┌─ DATA PROVIDED

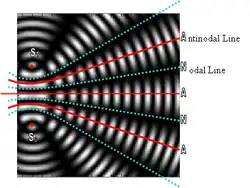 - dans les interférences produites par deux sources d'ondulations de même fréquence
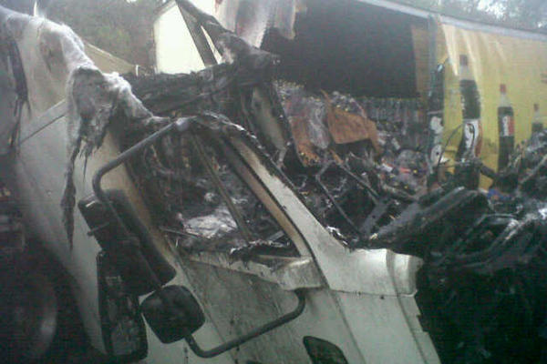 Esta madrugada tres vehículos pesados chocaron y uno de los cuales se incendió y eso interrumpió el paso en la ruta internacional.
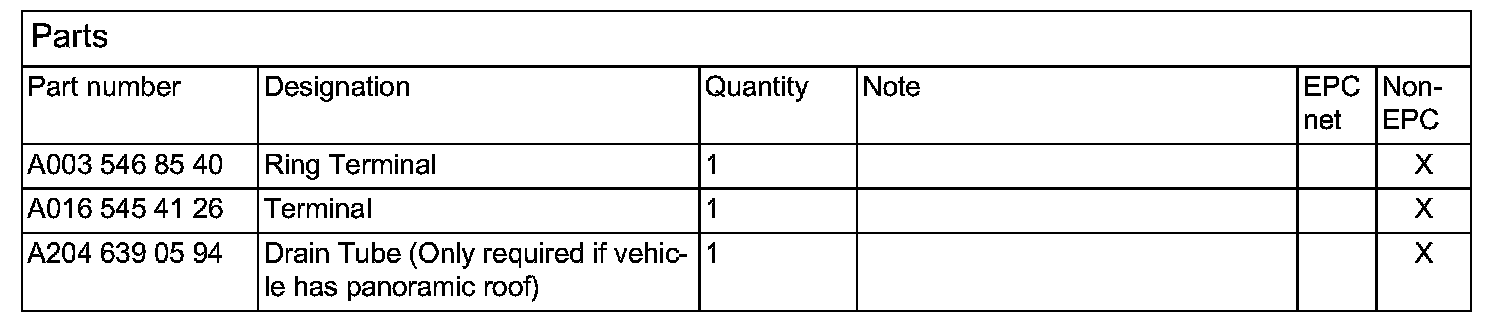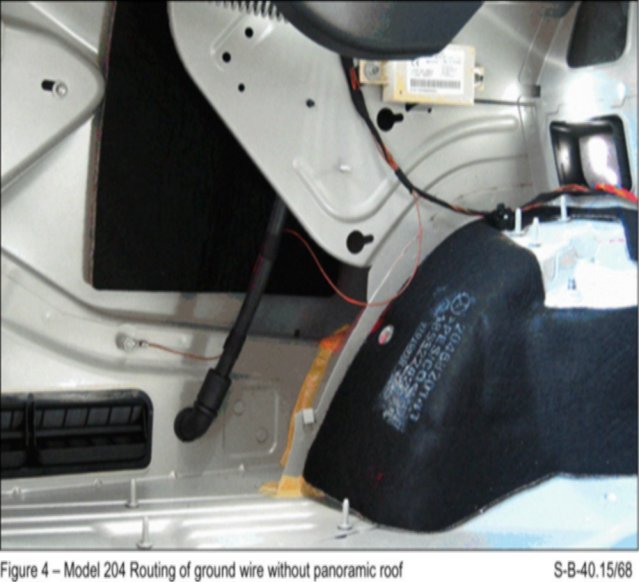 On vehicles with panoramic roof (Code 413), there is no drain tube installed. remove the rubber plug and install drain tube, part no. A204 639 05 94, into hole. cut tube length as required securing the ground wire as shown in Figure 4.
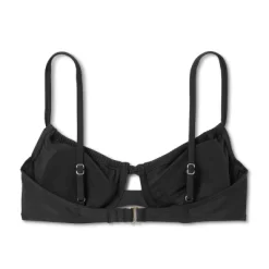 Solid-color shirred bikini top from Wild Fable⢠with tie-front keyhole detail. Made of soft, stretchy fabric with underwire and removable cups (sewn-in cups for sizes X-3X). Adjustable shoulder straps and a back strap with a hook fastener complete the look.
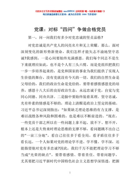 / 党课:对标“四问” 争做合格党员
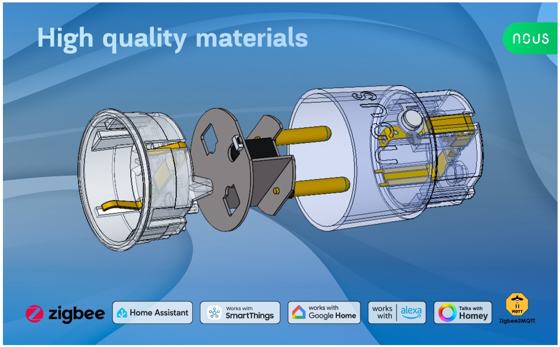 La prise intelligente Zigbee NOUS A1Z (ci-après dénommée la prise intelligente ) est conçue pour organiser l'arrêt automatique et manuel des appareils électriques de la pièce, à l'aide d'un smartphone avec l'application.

└─

EXERCISE PROMPT: All records above must be output exactly as they stand, excluding pictures.

RESPONSE AREA:
 - dans les interférences produites par deux sources d'ondulations de même fréquence
 Esta madrugada tres vehículos pesados chocaron y uno de los cuales se incendió y eso interrumpió el paso en la ruta internacional.
 On vehicles with panoramic roof (Code 413), there is no drain tube installed. remove the rubber plug and install drain tube, part no. A204 639 05 94, into hole. cut tube length as required securing the ground wire as shown in Figure 4.
 Solid-color shirred bikini top from Wild Fable⢠with tie-front keyhole detail. Made of soft, stretchy fabric with underwire and removable cups (sewn-in cups for sizes X-3X). Adjustable shoulder straps and a back strap with a hook fastener complete the look.
 / 党课:对标“四问” 争做合格党员
 La prise intelligente Zigbee NOUS A1Z (ci-après dénommée la prise intelligente ) est conçue pour organiser l'arrêt automatique et manuel des appareils électriques de la pièce, à l'aide d'un smartphone avec l'application.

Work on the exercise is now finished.